La tazza sporca piena di mozziconi di sigaretta fu la goccia che fece traboccare il vaso di Shibata. Gli uomini in ufficio non si rendevano conto che le tazze sporche che lasciavano agli altri da pulire si stavano lentamente accumulando, formando una vera e propria nube tempestosa.
"Non posso farlo", disse Shibata. Forse era la prima volta in tutta la sua carriera da impiegata che Shibata osava rifiutare un collega. "Sono incinta. L'odore del caffè... mi fa venire la nausea.
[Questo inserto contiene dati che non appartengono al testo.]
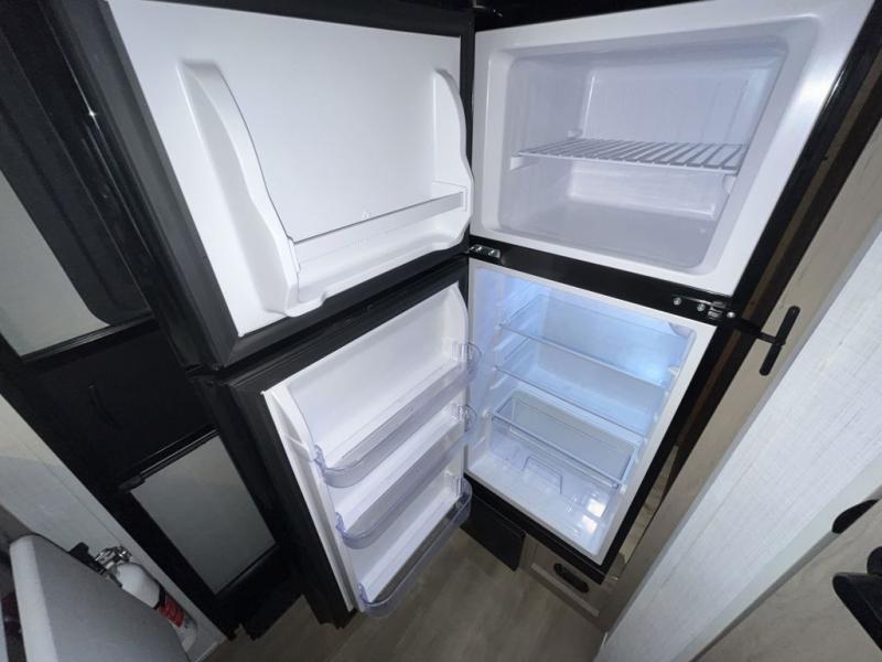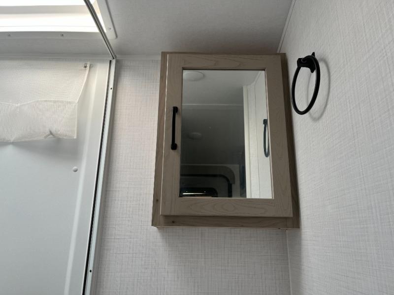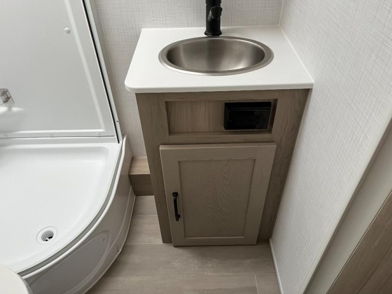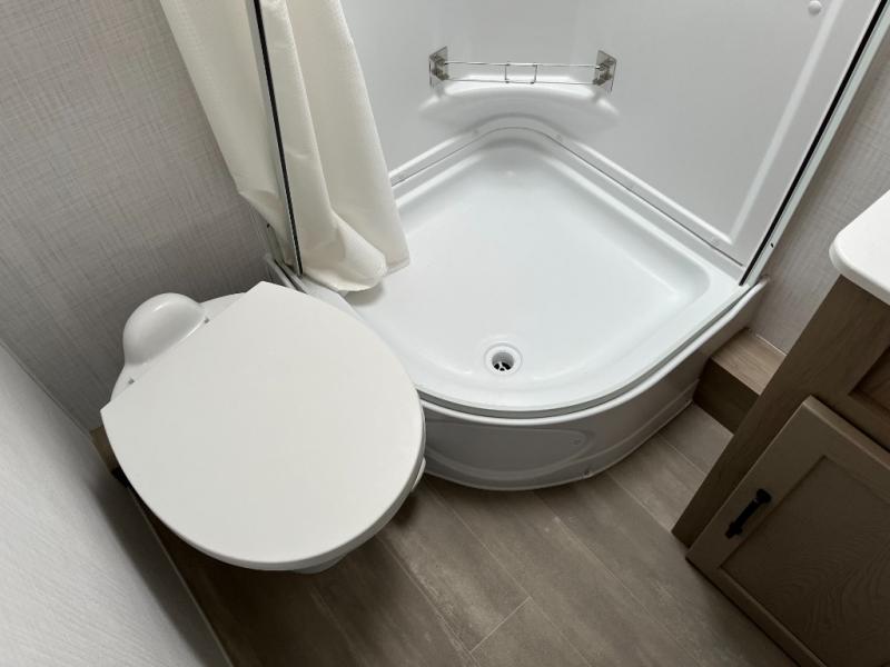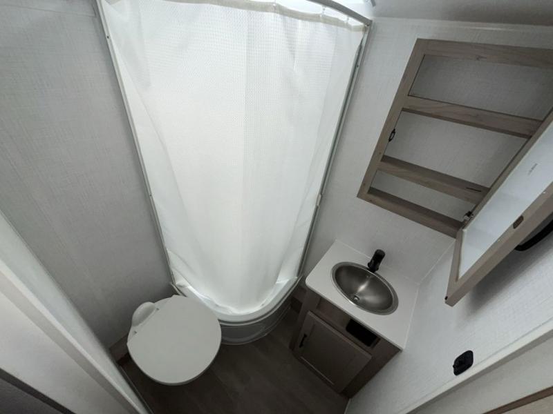 Enjoy the convenience of a private bathroom complete with a shower, toilet, and vanity. No more trips to shared campground restrooms — everything you need is right inside your travel trailer.

Lo stesso vale per le sigarette... E non è forse vietato fumare in questo edificio?" Quella ragazzina birichina è nata così.
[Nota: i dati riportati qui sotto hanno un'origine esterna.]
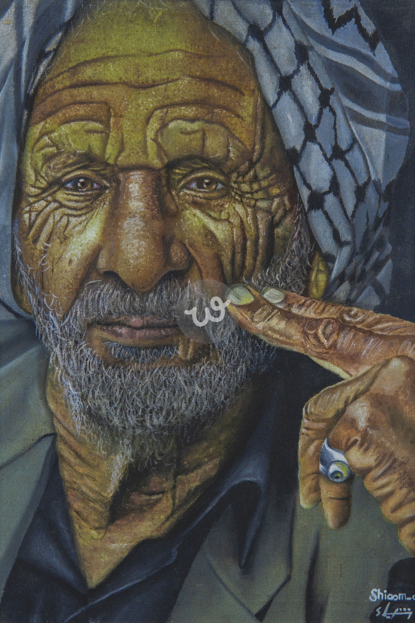 تعكس ثِقل الزمن على وجه شيخٍ يحمل ملامح الحكايات والتجارب التي سُطرت في كل تجعيدة من تجاعيده. نظراته العميقة ليست مجرد انعكاس للعين، بل نافذة إلى تاريخ طويل من الصبر والمعاناة، كأنها تحكي قصصاً لم تُروَ بعد. التجاعيد المتشابكة على وجهه أشبه بخارطة للحياة، تحدد تضاريس الألم والأمل، وكأنها أثرٌ لسنوات من الكفاح والمقاومة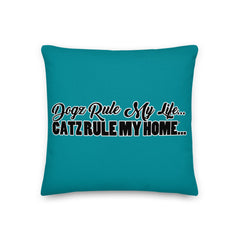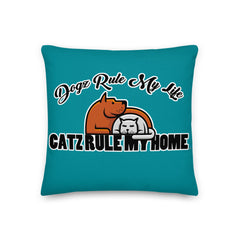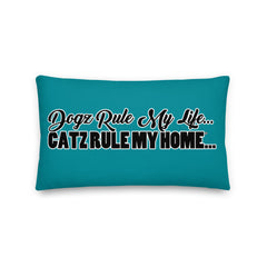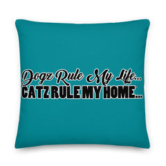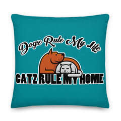 PILLOW - DESIGN BOTH SIDES/WASHABLE CASE - BLUE/GREEN - DOG(Z)/CAT(Z)

La solitudine dell'uomo moderno
In Giappone, il Ministero della Salute, del Lavoro e del Welfare giapponese consegna alle donne in gravidanza un quaderno chiamato "Boshi techo", ovvero "Diario della gravidanza". Basandosi su questo quaderno, l'autrice Emi Yagi ha scritto l'opera *Kushin techo* (Il diario vuoto ). I capitoli dell'opera sono suddivisi per settimana (dalla quinta alla quarantesima settimana), seguendo da vicino la crescita del bambino ancora nel grembo di Shibata.
Una bugia spontanea e irreparabile spinge questa ragazza in uno strano viaggio, misterioso, umoristico e non privo di amarezza.

Nata nel 1988 a Tokyo, Emi Yagi è redattrice di una rivista femminile. Il suo romanzo, *Diario del nulla* (tradotto da Emi Yagi, pubblicato da NXB Trẻ nel 2026), è la sua opera d'esordio.
Fu grazie a quella bambina inesistente e dispettosa che Shibata iniziò a ricevere attenzioni e trattamenti speciali, un tipo di cura che non aveva mai avuto prima. Proprio quando le cose sembravano migliorare, una tragedia nascosta cominciò a svelarsi. L'esistenza stessa di una donna adulta era determinata da qualcosa di inesistente.
Quel feto artificiale è un vuoto opprimente. Impregna questa commedia di una sfumatura tragica. Rende questo esile romanzo tagliente come un coltello che affonda nella realtà, e da quella ferita affiorano innumerevoli emozioni represse.
Il tema della finta gravidanza non è una novità nella letteratura e nell'arte. Emi Yagi, inoltre, non ricorre a troppi elementi bizzarri, come spesso accade in molte opere letterarie giapponesi contemporanee.
Seguendo il percorso di una madre riluttante e osservando i suoi tentativi di prolungare e nascondere le sue bugie, l'autore ritrae la solitudine dell'uomo moderno. Con lo sviluppo della società, le persone si ritrovano sempre più smarrite tra le comodità create dalla civiltà.
Il modello familiare tradizionale si sta sgretolando, dando origine a nuove tipologie di famiglie. Le persone possono lavorare insieme quasi tutto il giorno. L'azienda diventa una "seconda casa", ma una casa priva del calore dell'affetto familiare.
Fingendo di essere incinta, Shibata cercò di vivere come tale. Dedicava del tempo a prendersi cura di sé, il che significava anche prendersi cura del bambino "inesistente" nel suo grembo. Quel bambino era la sua piccola e sola parte di sé nel mondo. Allo stesso tempo, era un barlume di speranza, un modo per tenerla unita, per connetterla alla realtà della vita. Anche quel bambino aveva bisogno di essere nutrito e confortato. Proprio come ogni essere umano, indipendentemente dal sesso, ha bisogno di conforto anche quando pensiamo di vivere in pace.